Maharashtra Orders Digital Locks on Liquor Trucks

2026-05-06

The state will require GPS-tracked locks on vehicles carrying liquor and spirit products starting June 1.

Maharashtra will require digital locks with real-time GPS tracking on all vehicles carrying liquor and spirit products starting June 1, in a move the state says is aimed at curbing theft, illegal diversion and tax evasion in one of India’s largest alcohol markets.

The rule, announced in a government resolution issued Tuesday, applies to transport vehicles moving liquor within Maharashtra, across state borders and through ports. It also covers tankers carrying molasses and rectified spirit from distilleries, as well as consignments of imported foreign liquor leaving customs bond warehouses. Vehicles carrying denatured spirit, excluding ethanol, are included too.

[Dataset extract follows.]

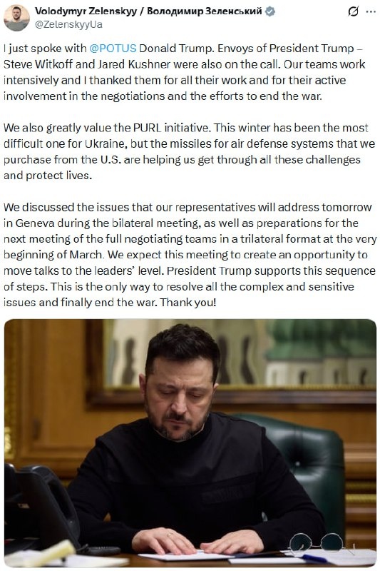 Zelensky CONFIRMS Trump call Mostly prep work for Geneva meetings — both bilateral and three-way talks 'at very beginning of March' He expects 'opportunity to move talks to LEADERS' level' soon

State excise officials said the system is meant to replace manual checks with electronic monitoring that can show where a vehicle is in real time, who opened the lock and how much stock was delivered along the route. The locks will be linked to the excise department’s command-and-control network and supply chain management system.

The decision follows a pilot program launched last May and comes after a series of bootlegging cases in which transporters and dealers were accused of mixing spurious liquor and water into original bottles before selling them outside the legal market. Officials said those practices posed health risks for consumers and caused revenue losses for the state.

Under the new framework, vehicles moving molasses, rectified spirit and liquor from outside Maharashtra to another state through the state will also need the digital locks. The same requirement will apply to vehicles issued a Through Transport Pass at the border when entering and exiting Maharashtra.

The government said supplier companies will have to meet the conditions set out in the resolution. Officials expect the change to tighten surveillance across the supply chain and reduce leakages in transport from factories, distilleries, warehouses and ports.